--- Data to process Enclosed Below ---

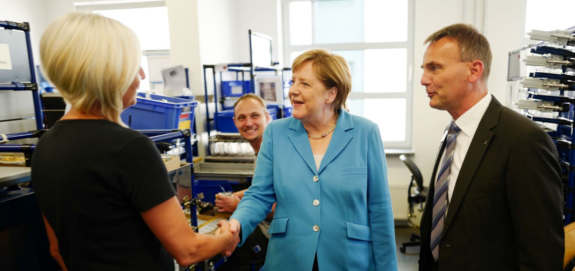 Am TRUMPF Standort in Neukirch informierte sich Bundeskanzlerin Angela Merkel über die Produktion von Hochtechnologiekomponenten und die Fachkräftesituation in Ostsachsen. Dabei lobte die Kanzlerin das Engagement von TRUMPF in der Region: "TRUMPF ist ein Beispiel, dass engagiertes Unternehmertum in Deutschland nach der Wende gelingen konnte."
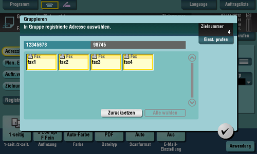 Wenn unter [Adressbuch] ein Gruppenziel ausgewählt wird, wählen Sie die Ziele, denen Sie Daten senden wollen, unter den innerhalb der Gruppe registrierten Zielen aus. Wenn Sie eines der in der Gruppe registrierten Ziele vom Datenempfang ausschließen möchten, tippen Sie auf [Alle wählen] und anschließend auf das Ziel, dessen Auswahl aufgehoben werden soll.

--- End of Enclosed Data to process ---
--- Data to process Enclosed Below ---

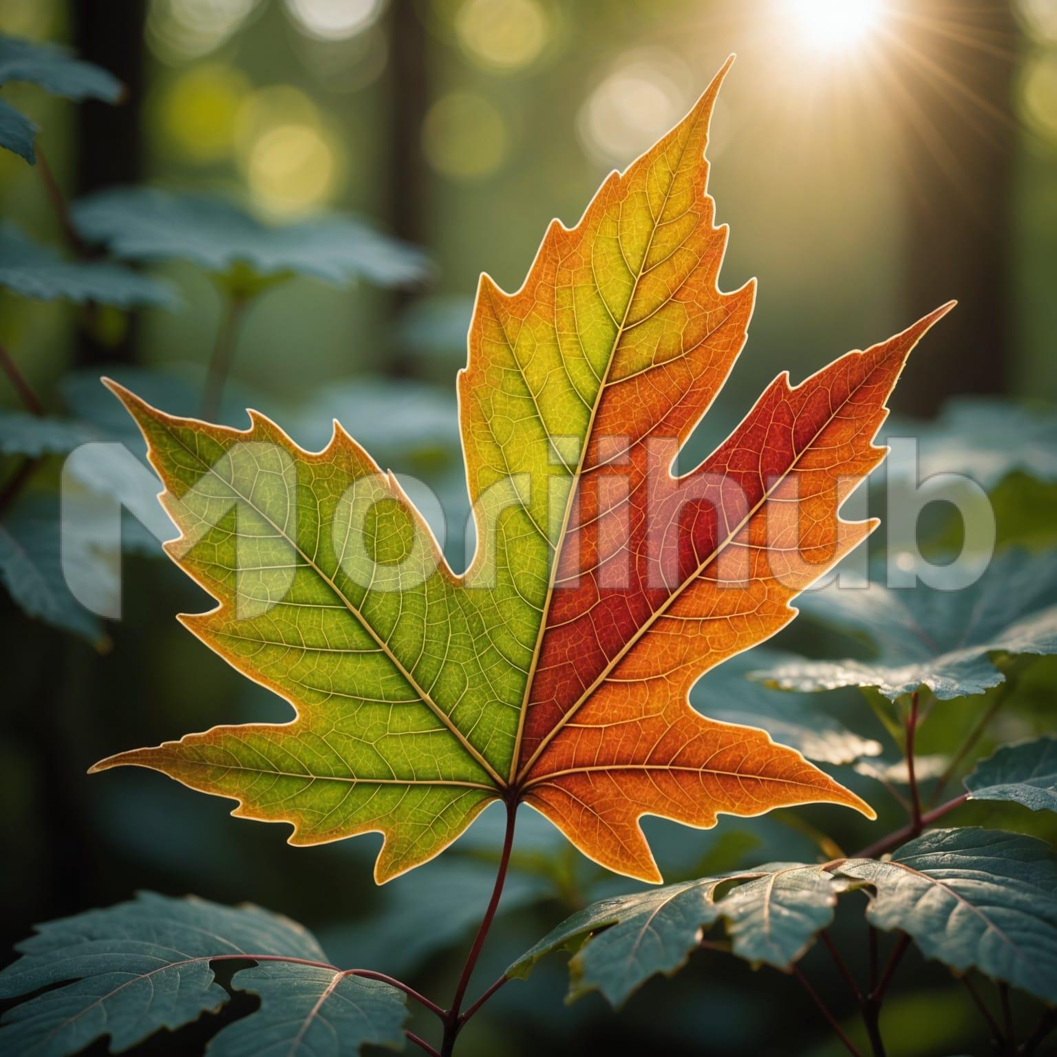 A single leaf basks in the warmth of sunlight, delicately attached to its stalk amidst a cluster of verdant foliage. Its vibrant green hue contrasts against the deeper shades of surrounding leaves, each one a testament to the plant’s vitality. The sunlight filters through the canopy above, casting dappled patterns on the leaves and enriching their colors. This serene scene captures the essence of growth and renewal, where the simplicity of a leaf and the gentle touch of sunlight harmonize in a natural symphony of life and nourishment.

--- End of Enclosed Data to process ---

**Work instructions**.
Go back to the lines above and output, exactly as they stand, the ones from the line containing "Am TRUMPF Standort" to the line containing "Wenn unter [Adressbuch]". Leave all pictures behind.

**Reply to the task**.
 Am TRUMPF Standort in Neukirch informierte sich Bundeskanzlerin Angela Merkel über die Produktion von Hochtechnologiekomponenten und die Fachkräftesituation in Ostsachsen. Dabei lobte die Kanzlerin das Engagement von TRUMPF in der Region: "TRUMPF ist ein Beispiel, dass engagiertes Unternehmertum in Deutschland nach der Wende gelingen konnte."
 Wenn unter [Adressbuch] ein Gruppenziel ausgewählt wird, wählen Sie die Ziele, denen Sie Daten senden wollen, unter den innerhalb der Gruppe registrierten Zielen aus. Wenn Sie eines der in der Gruppe registrierten Ziele vom Datenempfang ausschließen möchten, tippen Sie auf [Alle wählen] und anschließend auf das Ziel, dessen Auswahl aufgehoben werden soll.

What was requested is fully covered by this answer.